Department of Pulmonology, St Antonius ILD Center of Excellence, St Antonius Hospital, Nieuwegein, the Netherlands.
Department of Pulmonology, St Antonius ILD Center of Excellence, St Antonius Hospital, Nieuwegein, the Netherlands; Division of Heart and Lung, University Medical Center Utrecht, Utrecht, the Netherlands.
Respir Med. 2019 Mar;149:36-41. doi: 10.1016/j.rmed.2018.11.022. Epub 2018 Dec 13.
Although the presence of familial sarcoidosis has been confirmed, clinical and epidemiological data on its characteristics are scattered and sometimes paradoxical. The objective of this review is to assess what is known on the clinical epidemiology of familial sarcoidosis, by combining data from early case reports with recent population based data; aiming to support in clinical decision making and providing information to patients.
A systematic review of the literature in PubMed was done and 27 studies with clinical or epidemiological data on familial sarcoidosis, published between 1947 and 2017, were included.
The pooled prevalence proportion of familial sarcoidosis, based on twelve study populations, was 9.5% (CI 4.6-16.1), highest in French, African American, Dutch and Irish patients. A heritability of 60-70% was estimated in diverse studies. Relative types and relationships most often reported in familial sarcoidosis were siblings and mother-child relationships. Familial risk is heterogeneous. In African Americans specific environmental factors have been associated with familial sarcoidosis (OR between 1.5 and 3.2). European American and African American subjects had different relative risks for first degree familial relationships (OR of 16.6 vs 3.1) and relative risk differed between relative types. Clinical findings in familial sarcoidosis are still obscure.

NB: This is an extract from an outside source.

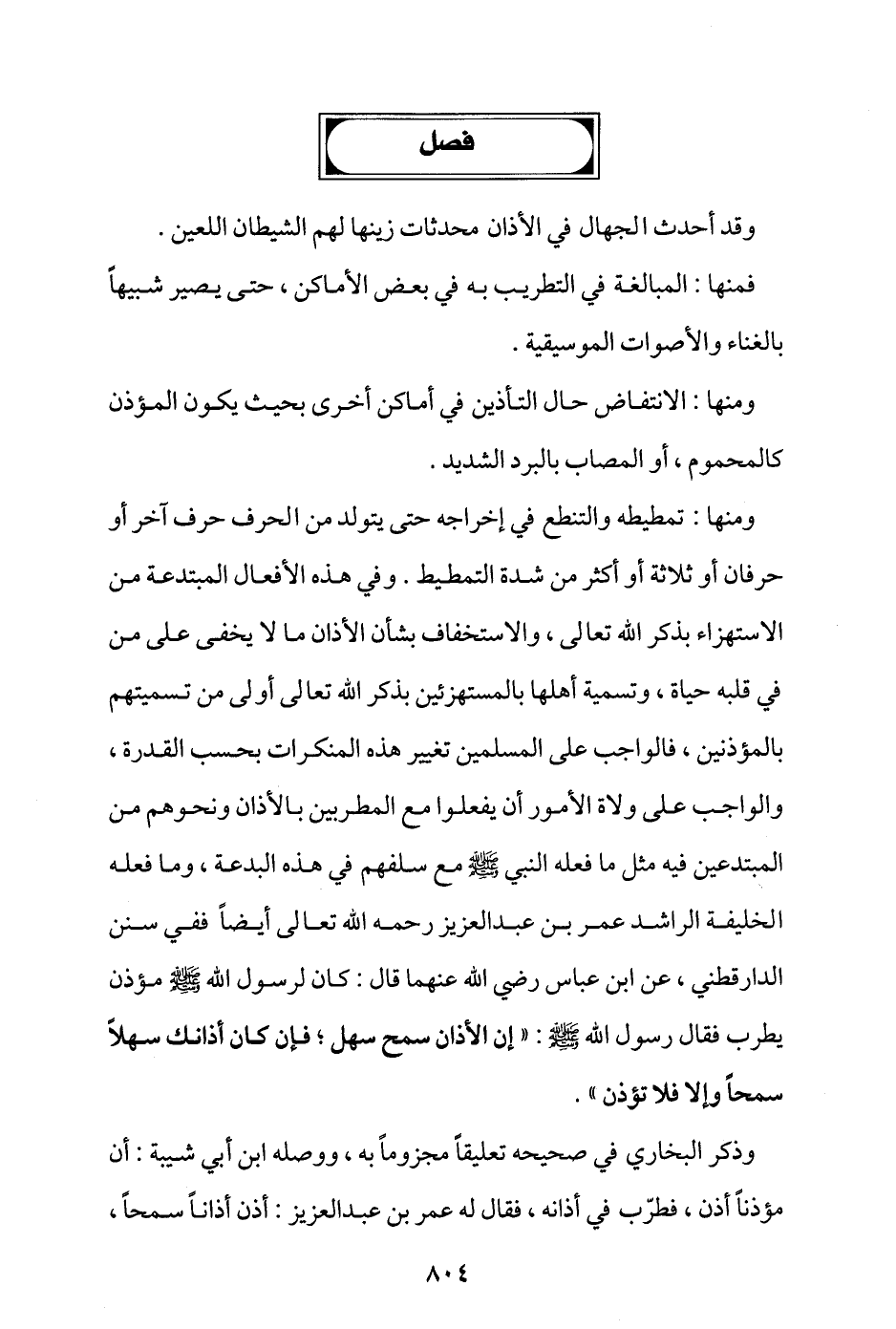 ومنها: تمطيطه والتنطع في إخراجه حتى يتولد من الحرف حرف آخر أو حرفان أو ثلاثة أو أكثر من شدة التمطيط، وفي هذه الأفعال المبتدعة من الاستهزاء بذكر الله تعالى، والاستخفاف بشأن الأذان ما لا يخفى على من في قلبه حياة، وتسمية أهلها بالمستهزئين بذكر الله تعالى أولى من تسميتهم بالمؤذنين، فالواجب على المسلمين تغيير هذه المنكرات بحسب القدرة، والواجب على ولاة الأمور أن يفعلوا مع المطربين بالأذان ونحوهم من المبتدعين فيه مثل ما فعله النبي - صلى الله عليه وسلم - مع سلفهم في هذه البدعة، وما فعله الخليفة الراشد عمر بن عبد العزيز رحمه الله تعالى أيضا؛ ففي سنن الدارقطني، عن ابن عباس -رضي الله عنهما- قال: كان لرسول الله - صلى الله عليه وسلم - مؤذن يطرب، فقال رسول الله - صلى الله عليه وسلم -: «إن الأذان سمح سهل؛ فإن كان أذانك سهلاً سمحًا وإلا فلا تؤذن».
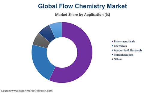The significant applications of flow chemistry are pharmaceuticals, chemicals, academia and research, and petrochemicals, among others.

Prevalence of familial sarcoidosis is high in specific study populations from countries worldwide. The estimated heritability of 60-70%, suggests a shared determinant, and the heterogeneous familial risk, associated with both genetic and environmental factors. Familial relative risks and clinical phenotypes may differ between ethnic groups and relative types, but require further study.
虽然家族性结节病的存在已得到证实,但有关其特征的临床和流行病学数据却分散且有时相互矛盾。本综述的目的是通过结合早期病例报告和最近的基于人群的数据来评估家族性结节病的临床流行病学情况,旨在为临床决策提供支持并为患者提供信息。
对 PubMed 中的文献进行了系统回顾,并纳入了 1947 年至 2017 年间发表的 27 项具有家族性结节病临床或流行病学数据的研究。
基于 12 个人群研究,家族性结节病的总体患病率为 9.5%(CI 4.6-16.1),在法国、非裔美国人、荷兰和爱尔兰人群中最高。在不同的研究中,遗传率估计为 60-70%。家族性结节病中最常报告的相对类型和关系是兄弟姐妹和母子关系。家族风险具有异质性。在非裔美国人中,特定的环境因素与家族性结节病有关(OR 为 1.5-3.2)。欧洲裔美国人和非裔美国人一级亲属的相对风险不同(OR 为 16.6 与 3.1),并且相对风险在不同的亲属类型之间存在差异。家族性结节病的临床发现仍不清楚。
在来自世界各地的特定研究人群中,家族性结节病的患病率很高。60-70%的遗传率估计表明存在共同的决定因素,而与遗传和环境因素相关的家族性风险具有异质性。家族相对风险和临床表型可能因种族群体和亲属类型而异,但需要进一步研究。